*EXERCISE INSTRUCTIONS*. For this exercise, return only the lines in the records below from the one holding "本网讯(通讯员 王明慧)根据" through the one holding "202021 Student Eligibility", including both, exactly as they appear and without pictures.

Collected data

◆ ◆ ◆

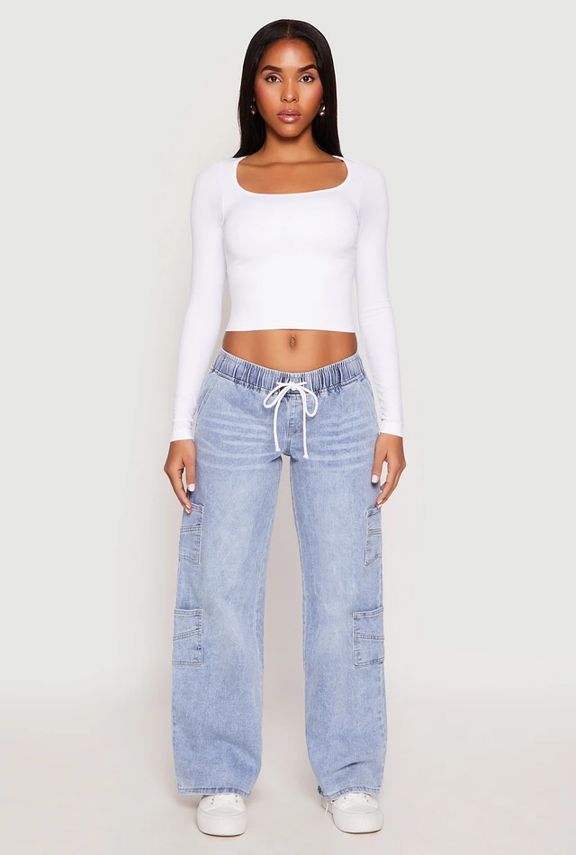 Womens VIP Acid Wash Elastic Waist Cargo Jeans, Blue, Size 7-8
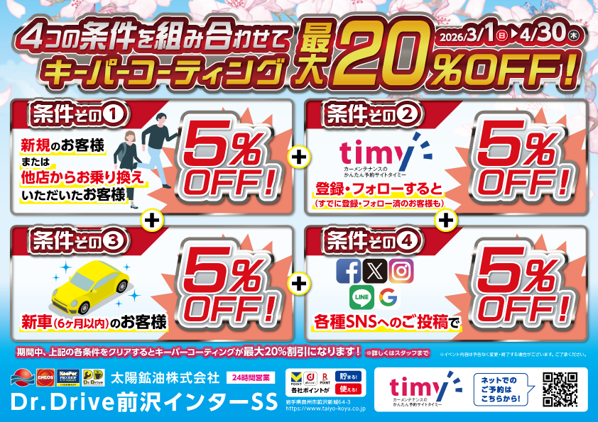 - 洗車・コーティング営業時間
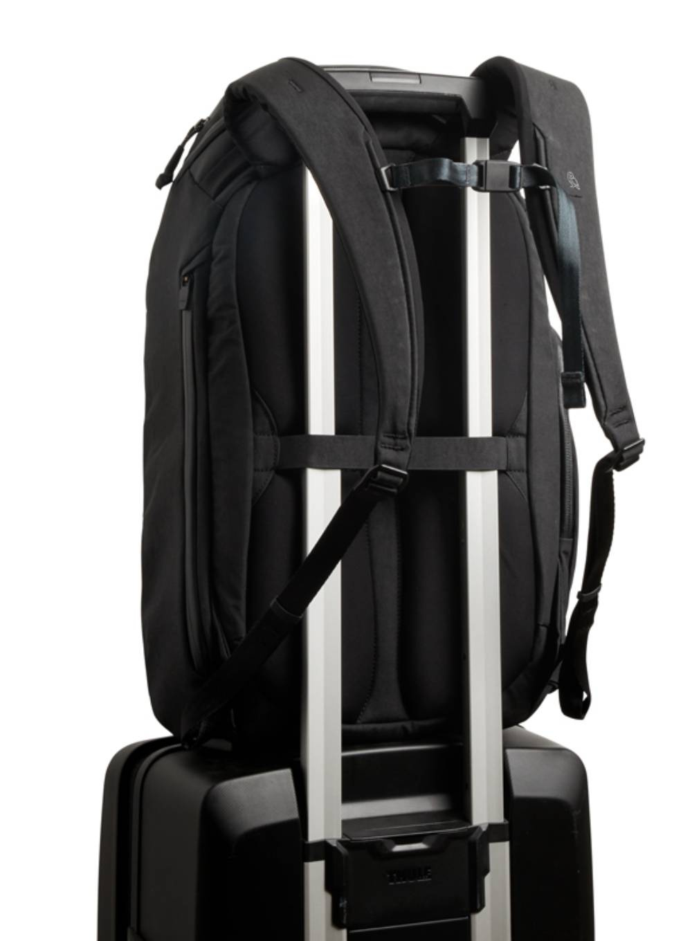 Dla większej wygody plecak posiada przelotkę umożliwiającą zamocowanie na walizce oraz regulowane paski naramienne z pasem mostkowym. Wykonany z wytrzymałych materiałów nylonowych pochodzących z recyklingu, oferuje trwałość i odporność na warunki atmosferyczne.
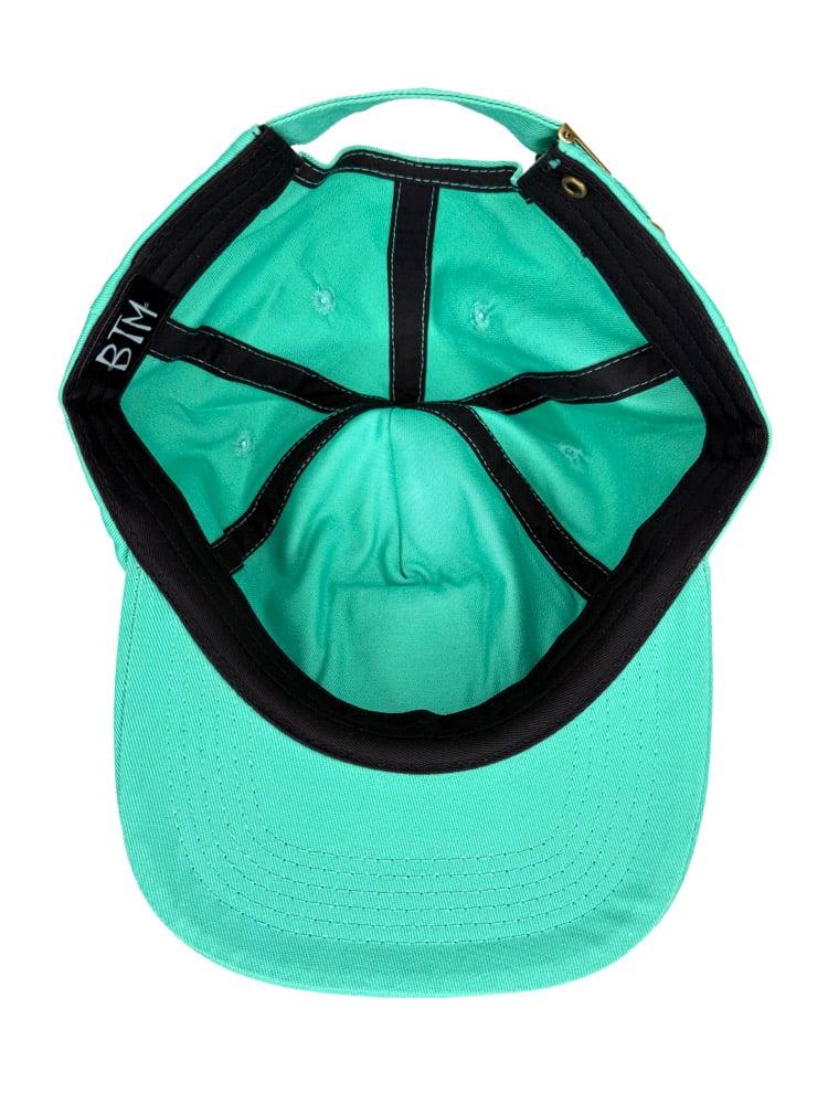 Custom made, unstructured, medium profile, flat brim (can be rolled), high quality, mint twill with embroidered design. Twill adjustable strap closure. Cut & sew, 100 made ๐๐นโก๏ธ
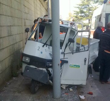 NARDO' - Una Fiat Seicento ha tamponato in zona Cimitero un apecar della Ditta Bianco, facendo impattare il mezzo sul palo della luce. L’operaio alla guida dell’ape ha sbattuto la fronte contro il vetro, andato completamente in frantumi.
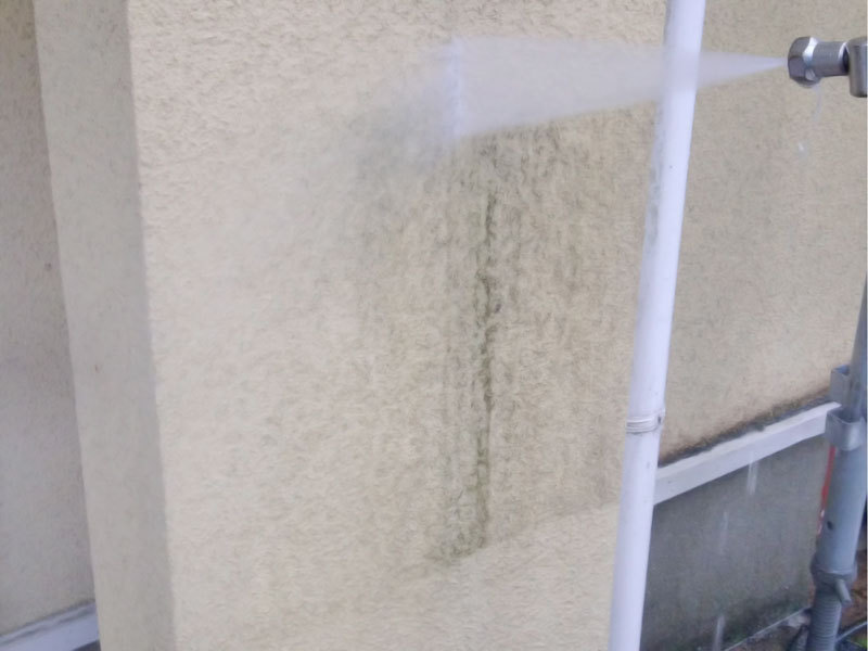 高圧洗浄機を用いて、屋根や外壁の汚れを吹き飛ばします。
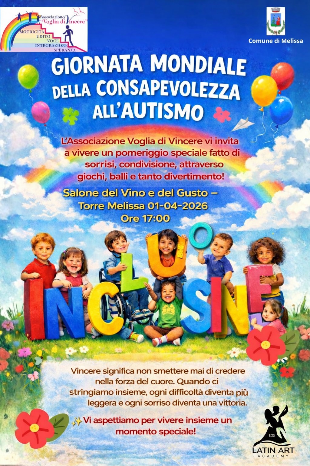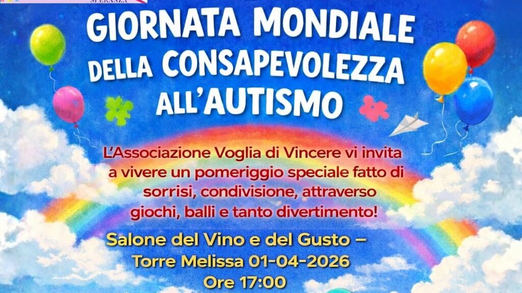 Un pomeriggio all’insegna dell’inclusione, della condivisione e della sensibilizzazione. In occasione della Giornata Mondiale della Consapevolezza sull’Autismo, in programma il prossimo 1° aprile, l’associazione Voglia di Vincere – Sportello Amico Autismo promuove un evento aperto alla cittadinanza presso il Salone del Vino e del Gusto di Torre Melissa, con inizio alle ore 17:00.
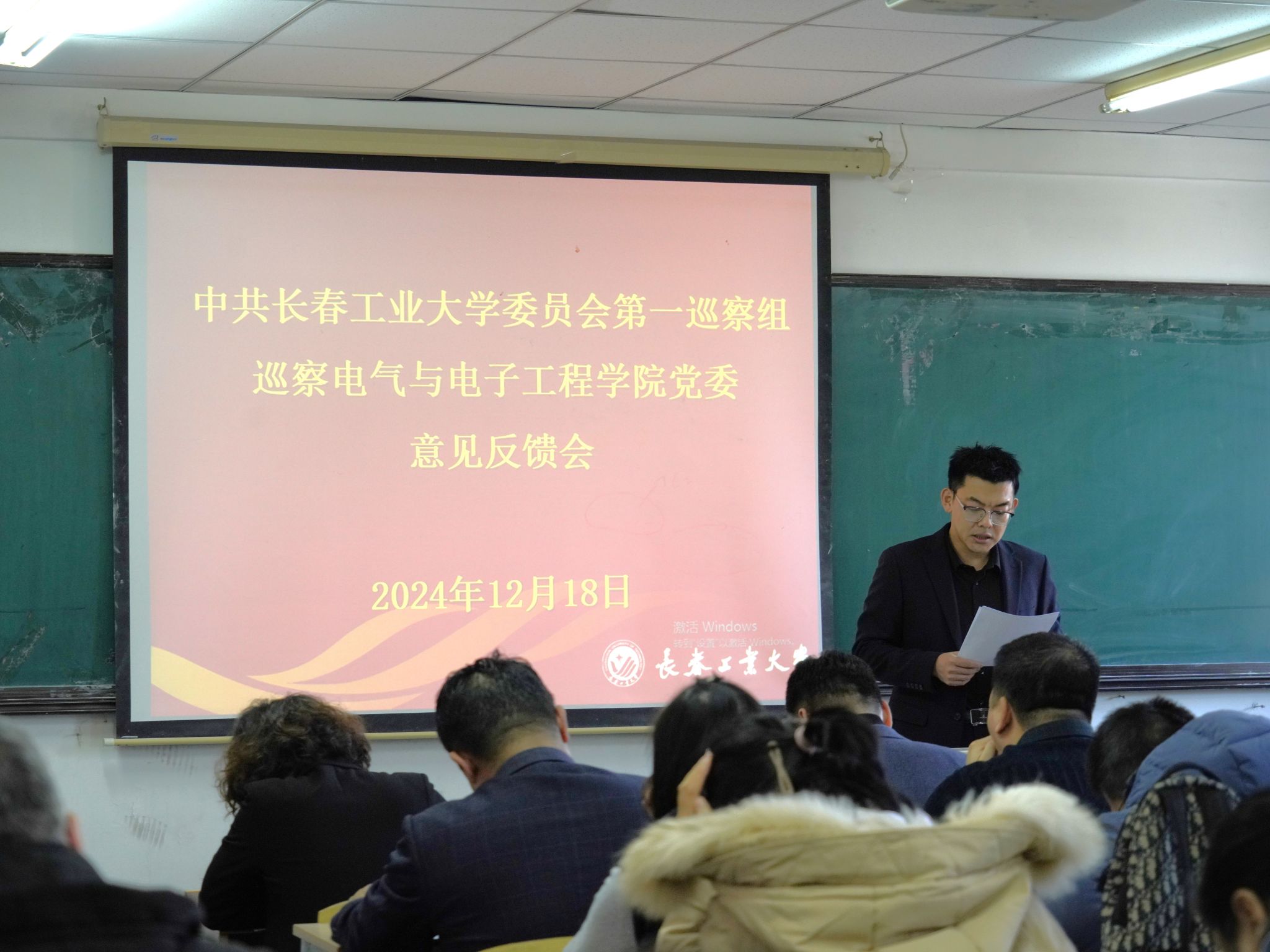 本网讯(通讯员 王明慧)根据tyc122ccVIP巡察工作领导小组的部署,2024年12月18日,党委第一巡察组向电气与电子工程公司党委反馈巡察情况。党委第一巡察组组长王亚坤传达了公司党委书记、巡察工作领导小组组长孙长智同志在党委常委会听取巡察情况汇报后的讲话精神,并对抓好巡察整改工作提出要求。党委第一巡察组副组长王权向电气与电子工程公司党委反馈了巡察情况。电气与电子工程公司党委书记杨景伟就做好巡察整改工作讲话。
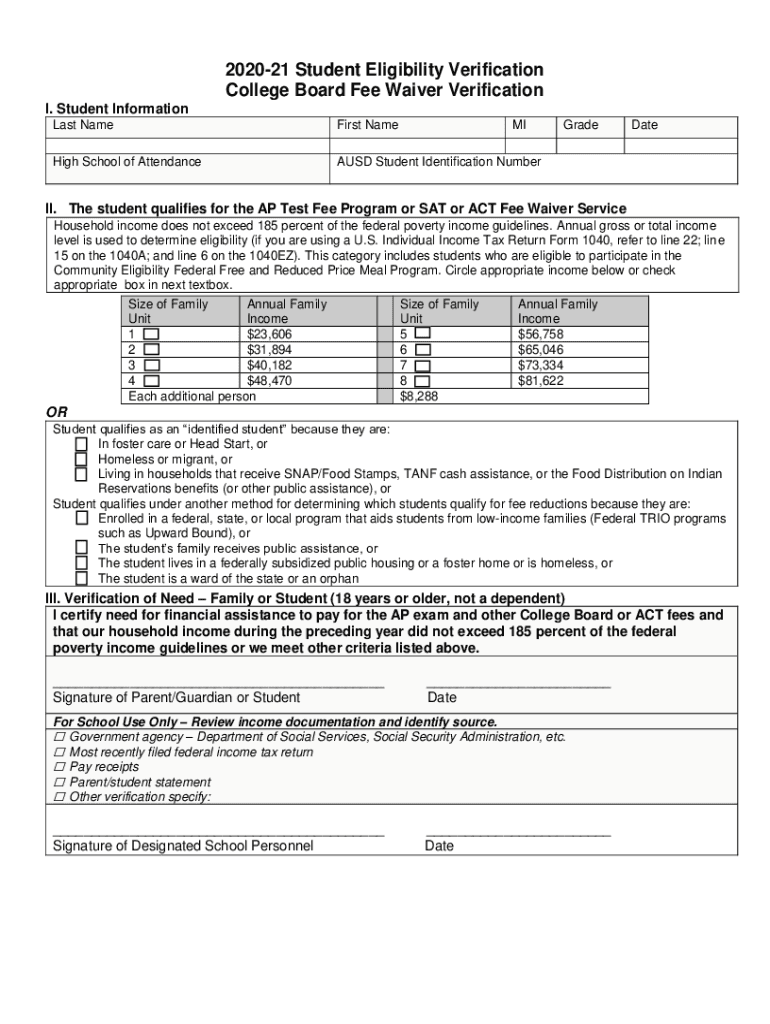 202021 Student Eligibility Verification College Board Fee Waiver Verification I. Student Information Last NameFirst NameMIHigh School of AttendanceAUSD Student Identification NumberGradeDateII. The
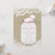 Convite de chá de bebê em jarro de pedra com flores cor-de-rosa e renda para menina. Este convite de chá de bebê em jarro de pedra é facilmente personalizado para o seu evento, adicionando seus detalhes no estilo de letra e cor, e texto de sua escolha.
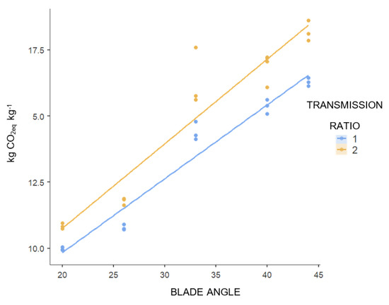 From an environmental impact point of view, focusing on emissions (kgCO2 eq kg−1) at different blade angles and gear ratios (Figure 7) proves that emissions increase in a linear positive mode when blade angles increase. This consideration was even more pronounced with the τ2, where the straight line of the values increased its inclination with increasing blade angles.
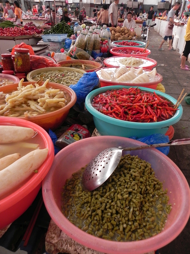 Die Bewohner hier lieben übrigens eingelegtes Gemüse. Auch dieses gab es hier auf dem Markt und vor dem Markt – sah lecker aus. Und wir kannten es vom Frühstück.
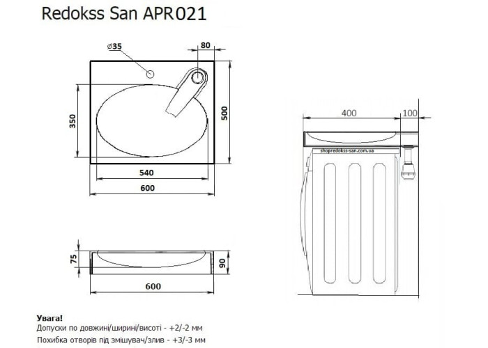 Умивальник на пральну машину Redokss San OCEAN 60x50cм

◆ ◆ ◆

*RESPONSE TO THIS EXERCISE*.
 本网讯(通讯员 王明慧)根据tyc122ccVIP巡察工作领导小组的部署,2024年12月18日,党委第一巡察组向电气与电子工程公司党委反馈巡察情况。党委第一巡察组组长王亚坤传达了公司党委书记、巡察工作领导小组组长孙长智同志在党委常委会听取巡察情况汇报后的讲话精神,并对抓好巡察整改工作提出要求。党委第一巡察组副组长王权向电气与电子工程公司党委反馈了巡察情况。电气与电子工程公司党委书记杨景伟就做好巡察整改工作讲话。
 202021 Student Eligibility Verification College Board Fee Waiver Verification I. Student Information Last NameFirst NameMIHigh School of AttendanceAUSD Student Identification NumberGradeDateII. The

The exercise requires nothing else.